The BinarySniffer uses a SQLite-based signature database that contains:
- Components: OSS libraries/frameworks with metadata (name, version, publisher, license)
- Signatures: String patterns, function names, and identifiers extracted from each component
- Indexes: Optimized trigram and hash indexes for fast matching
The signature database is NOT included in the Python package to avoid version conflicts. Instead, it's created locally:
- Default Location:
data/signatures.db(relative to current working directory) - User Data Directory:
~/.binarysniffer/signatures.db(when using standard config) - CLI Override:
--data-dir /custom/pathto specify custom location - Library Override:
BinarySniffer(db_path="custom/path.db")
When you install or upgrade the package:
- ✅ No Database Conflicts: The
.dbfiles are NOT included in wheel/tarball - ✅ Clean Upgrades: Your existing signature database is preserved
- ✅ No Overwrites: Package upgrades never replace your signature data
- ✅ User Control: You manage signature updates separately from code updates
- First Run: Database is created empty, needs signature migration or download
- Upgrades: Code updates don't affect signature database
- Signature Updates: Managed separately via CLI commands or manual migration
The project includes a pre-built signature database with 90+ OSS components migrated from the BSA (Binary Signature Analysis) project, including:
- Mobile SDKs: Facebook Android SDK, Google Firebase, Google Ads
- Java Libraries: Jackson, Apache Commons, Google Guava, Netty
- Media Libraries: FFmpeg, x264, x265, Vorbis, Opus
- Crypto Libraries: Bouncy Castle, mbedTLS, OpenSSL variants
- Development Tools: Lombok, Dagger, RxJava, OkHttp
- Android/Mobile: 15+ SDKs and frameworks
- Java/JVM: 25+ libraries and frameworks
- Native/C++: 20+ media, crypto, and system libraries
- Go Libraries: 10+ standard and third-party packages
- JavaScript/Node: 5+ popular packages
The easiest way to create signatures is using the built-in signatures create command, which automatically extracts unique patterns from binaries or source code:
# Generate signatures from a binary file
binarysniffer signatures create /usr/bin/ffmpeg --name FFmpeg
# Generate from source code directory
binarysniffer signatures create /path/to/source --name MyLibrary --type source
# With full metadata for better documentation
binarysniffer signatures create /path/to/binary.so \
--name "Component Name" \
--version 2.0.0 \
--license Apache-2.0 \
--publisher "Company Name" \
--description "Brief component description" \
--output signatures/component-name.json
# Specify extraction parameters
binarysniffer signatures create /path/to/library \
--name "LibraryName" \
--min-signatures 10 # Require at least 10 patterns
--recursive # For directories, analyze recursivelyThe generator will:
- Extract strings, symbols, and identifiers from the target
- Filter out generic patterns that could cause false positives
- Remove duplicates automatically (all signatures are unique)

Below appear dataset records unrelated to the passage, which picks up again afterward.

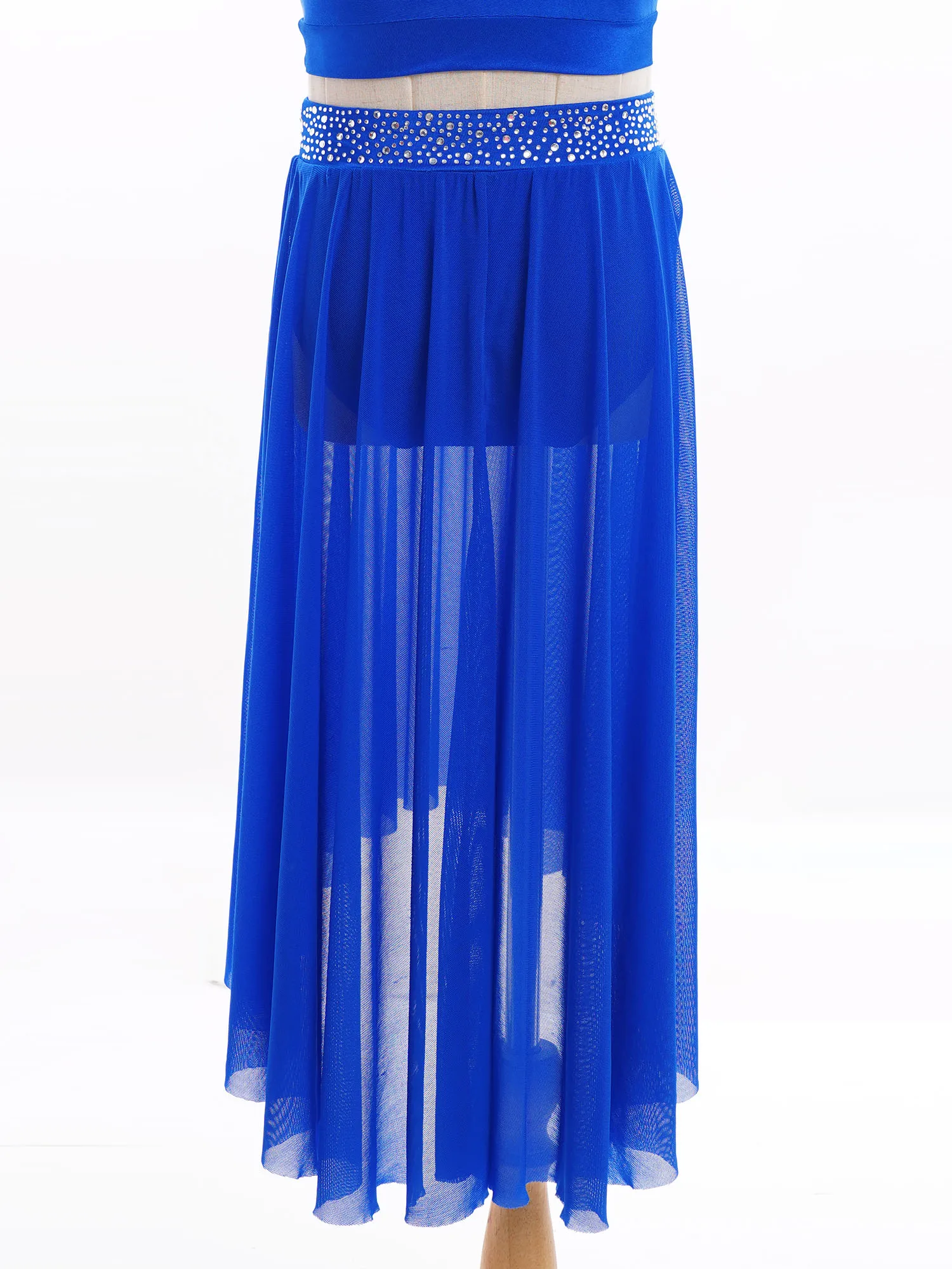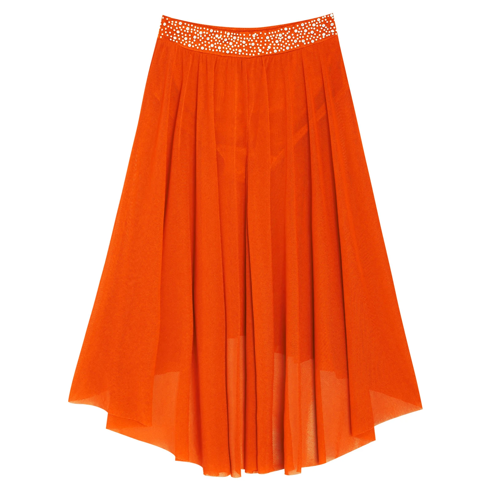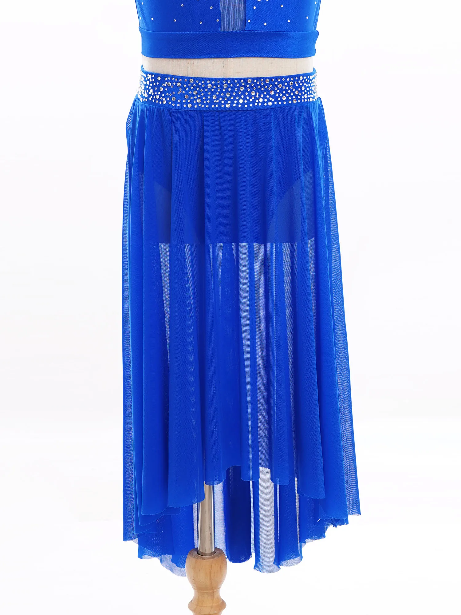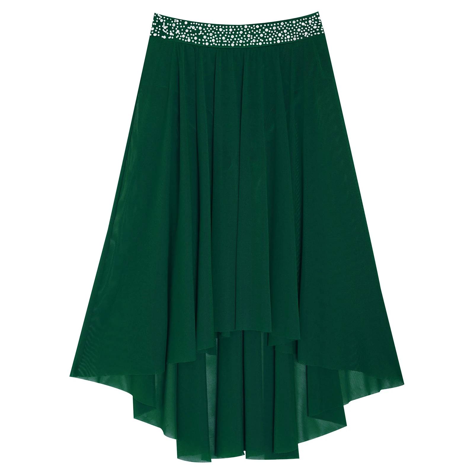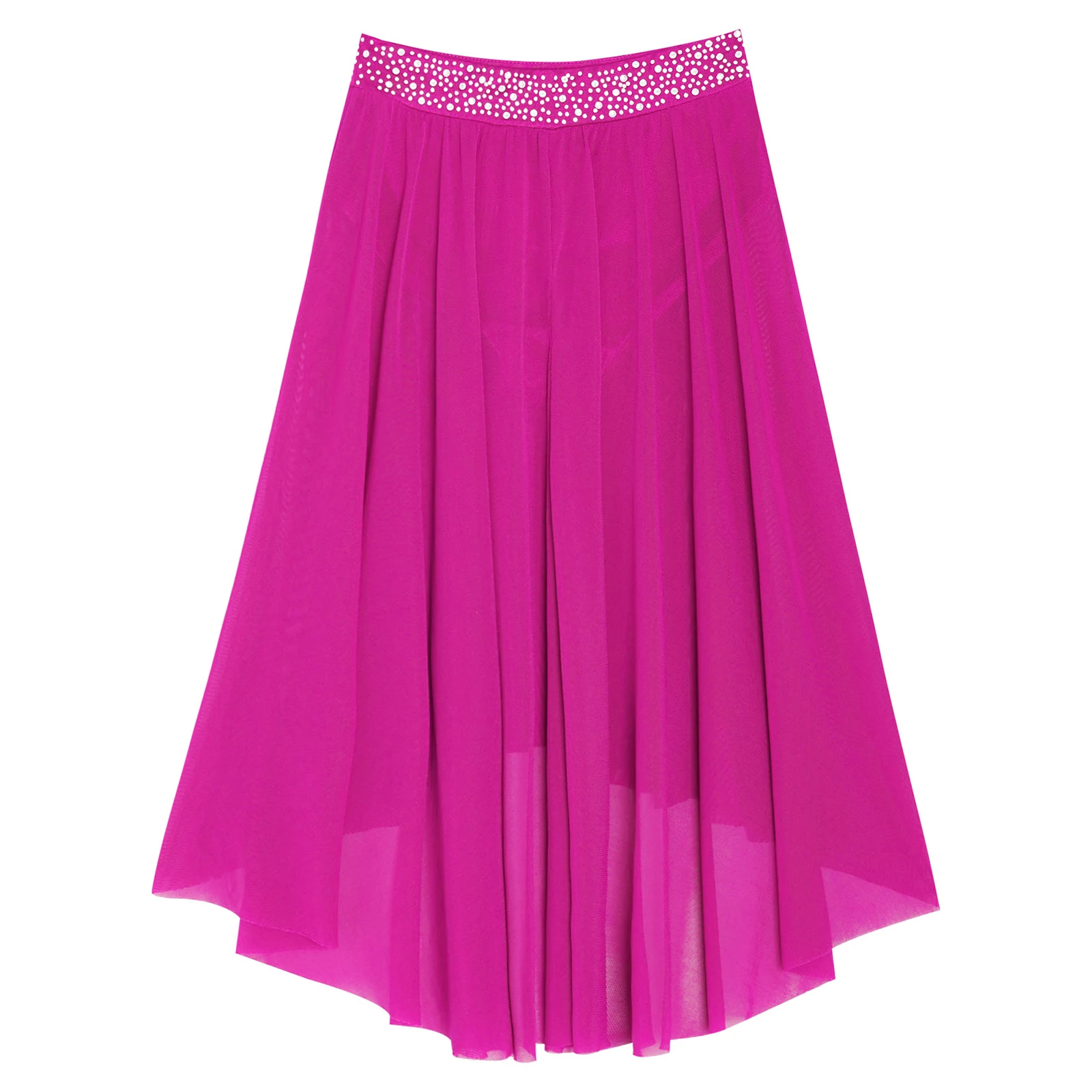 High-low irregular mesh skirt with side slit and flowy design shows the softness and beauty of dance.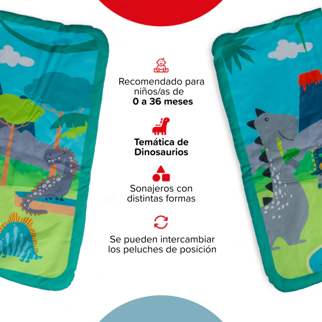 El Gimnasio de Actividades Bebesit 5010 Dino Turquesa transforma cualquier piso en un mundo prehistórico lleno de juego y estimulación. Su suelo acolchado con ilustraciones de dinosaurios, sus arcos suaves y los colgantes interactivos invitan al bebé a explorar texturas, colores y sonidos mientras permanece cómodo y seguro.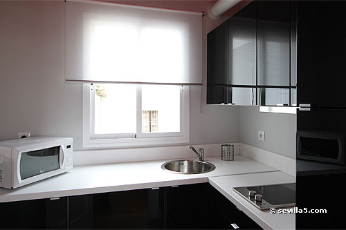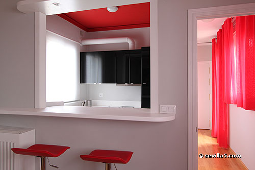 The kitchen is in a separate room, but has a window to the living-room (to the left, not shown on the photo).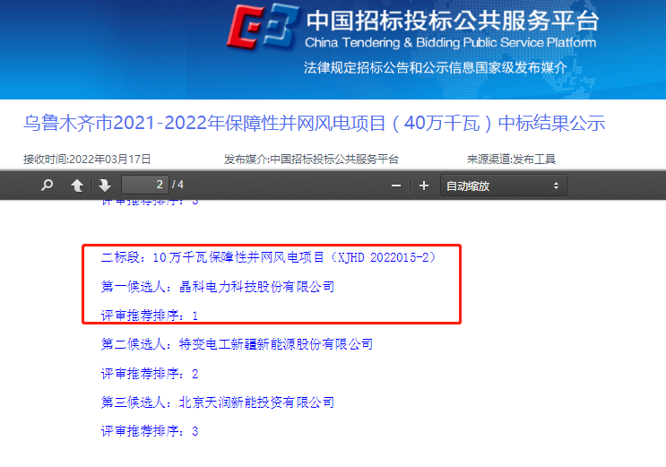 近日,烏魯木齊市2021-2022年保障性并網(wǎng)風(fēng)電項(xiàng)目(40萬(wàn)千瓦)中標(biāo)結(jié)果公示,晶科科技(601778.SH)憑借領(lǐng)先的技術(shù)及良好的行業(yè)口碑,中標(biāo)了其中10萬(wàn)千瓦(100MW)規(guī)模的保障性并網(wǎng)風(fēng)電項(xiàng)目。此次中標(biāo),是晶科科技成立以來(lái)首次獲得風(fēng)電項(xiàng)目,也是公司推動(dòng)可再生、清潔能源開發(fā)利用之路上新的里程碑,標(biāo)志著公司正式進(jìn)軍風(fēng)電市場(chǎng)。

- Assign confidence scores based on pattern uniqueness
- Create a properly formatted JSON signature file
The signature generator includes advanced collision detection to identify patterns that appear in multiple existing components, helping prevent false positives:
# Enable collision detection
binarysniffer signatures create /usr/bin/myapp \
--name "MyApp" \
--check-collisions
# Interactive mode - review each collision
binarysniffer signatures create /usr/bin/myapp \
--name "MyApp" \
--interactive
# Automatic filtering with threshold
binarysniffer signatures create /usr/bin/myapp \
--name "MyApp" \
--check-collisions \
--collision-threshold highThe system classifies collisions into four severity levels:
| Severity | Description | Example | Action |
|---|---|---|---|
| Critical | Pattern in 5+ unrelated components | Generic terms like "init", "process" | Should remove |
| High | Pattern in 3-4 components | Common function names | Consider removing |
| Medium | Pattern in 2 unrelated components | Shared utility functions | Review case-by-case |
| Low | Pattern in 2 related components | FFmpeg/libav shared code | Usually keep |
The system recognizes related component families to reduce false positives:
- FFmpeg family: ffmpeg, libav, avcodec, avformat, avutil, swscale, swresample
- OpenSSL family: openssl, libressl, boringssl, crypto, ssl
- GStreamer family: gstreamer, gst-plugins, glib, gobject
- Qt family: qt, qt5, qt6, qtcore, qtgui
- Boost family: boost, boost-system, boost-thread, boost-filesystem
- Apache family: apache, apache-commons, apache-http
Patterns shared within a family are marked as low severity since they're expected.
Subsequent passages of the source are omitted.